AVAILABLE DATA: Begin

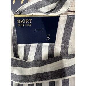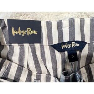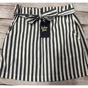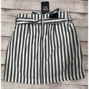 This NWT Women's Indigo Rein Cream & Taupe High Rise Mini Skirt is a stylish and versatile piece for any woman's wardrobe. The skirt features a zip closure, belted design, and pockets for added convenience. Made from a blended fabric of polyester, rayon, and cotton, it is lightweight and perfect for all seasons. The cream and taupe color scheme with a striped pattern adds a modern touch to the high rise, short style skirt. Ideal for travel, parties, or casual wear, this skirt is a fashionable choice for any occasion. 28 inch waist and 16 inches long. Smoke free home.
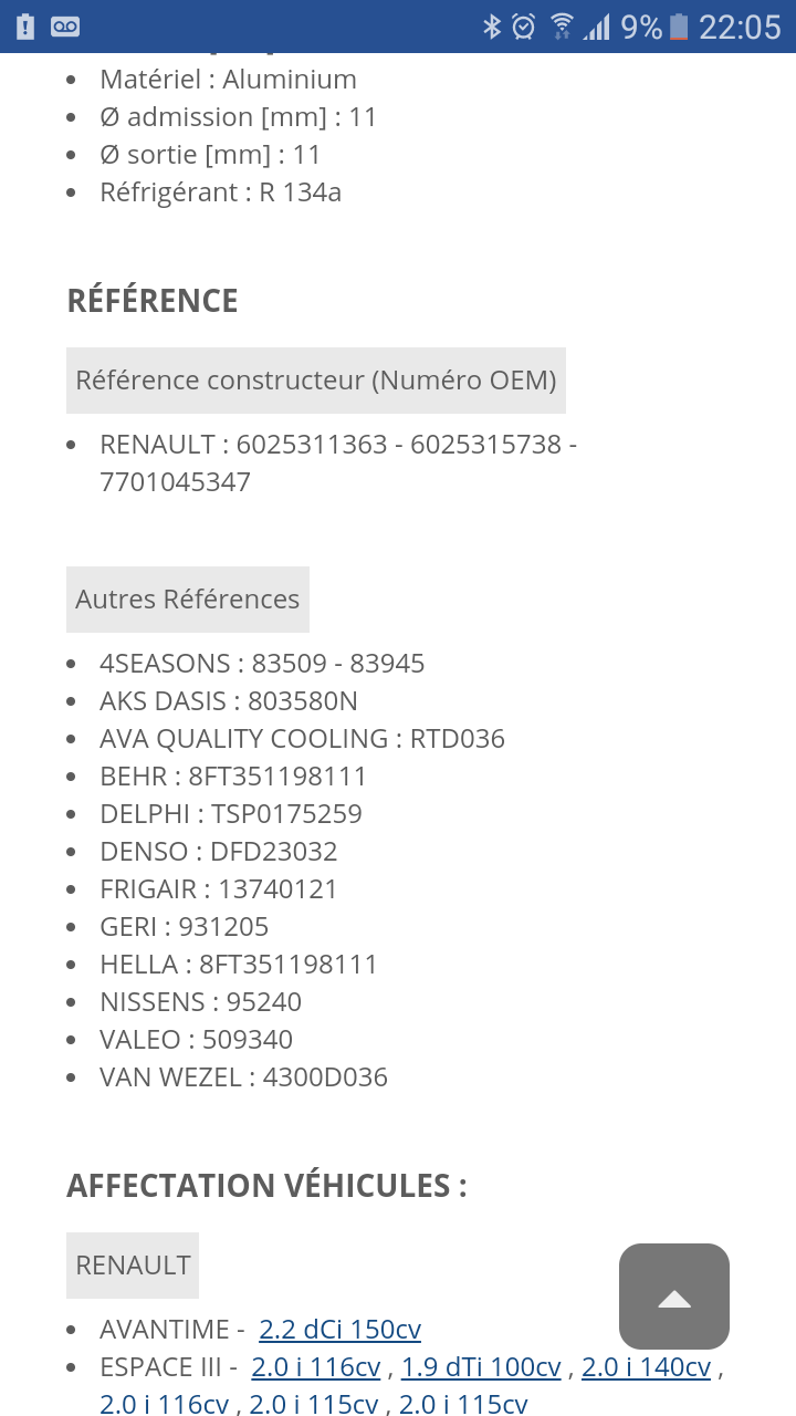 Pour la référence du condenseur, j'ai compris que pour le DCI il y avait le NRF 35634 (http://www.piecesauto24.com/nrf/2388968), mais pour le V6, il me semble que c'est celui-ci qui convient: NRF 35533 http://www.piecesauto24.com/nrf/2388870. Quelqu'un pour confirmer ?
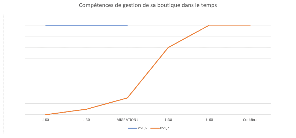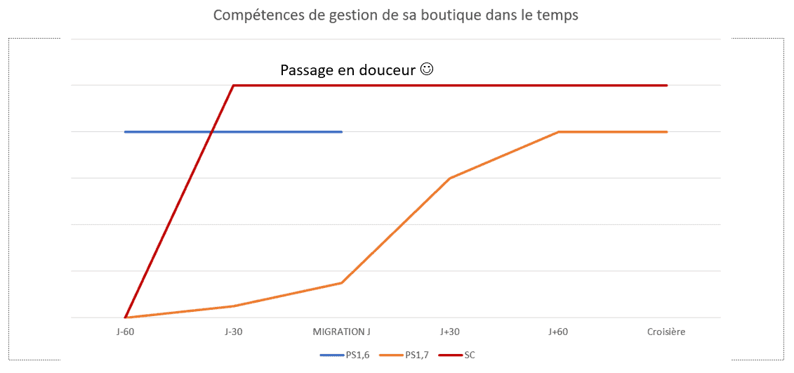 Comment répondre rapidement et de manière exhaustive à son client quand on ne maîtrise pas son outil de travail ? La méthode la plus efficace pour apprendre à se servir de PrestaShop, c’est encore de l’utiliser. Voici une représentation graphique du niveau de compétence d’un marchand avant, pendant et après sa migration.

AVAILABLE DATA: End

ASSIGNMENT → Give the listing above again exactly, minus any images.

RESPONSE TO THIS EXERCISE →
 This NWT Women's Indigo Rein Cream & Taupe High Rise Mini Skirt is a stylish and versatile piece for any woman's wardrobe. The skirt features a zip closure, belted design, and pockets for added convenience. Made from a blended fabric of polyester, rayon, and cotton, it is lightweight and perfect for all seasons. The cream and taupe color scheme with a striped pattern adds a modern touch to the high rise, short style skirt. Ideal for travel, parties, or casual wear, this skirt is a fashionable choice for any occasion. 28 inch waist and 16 inches long. Smoke free home.
 Pour la référence du condenseur, j'ai compris que pour le DCI il y avait le NRF 35634 (http://www.piecesauto24.com/nrf/2388968), mais pour le V6, il me semble que c'est celui-ci qui convient: NRF 35533 http://www.piecesauto24.com/nrf/2388870. Quelqu'un pour confirmer ?
 Comment répondre rapidement et de manière exhaustive à son client quand on ne maîtrise pas son outil de travail ? La méthode la plus efficace pour apprendre à se servir de PrestaShop, c’est encore de l’utiliser. Voici une représentation graphique du niveau de compétence d’un marchand avant, pendant et après sa migration.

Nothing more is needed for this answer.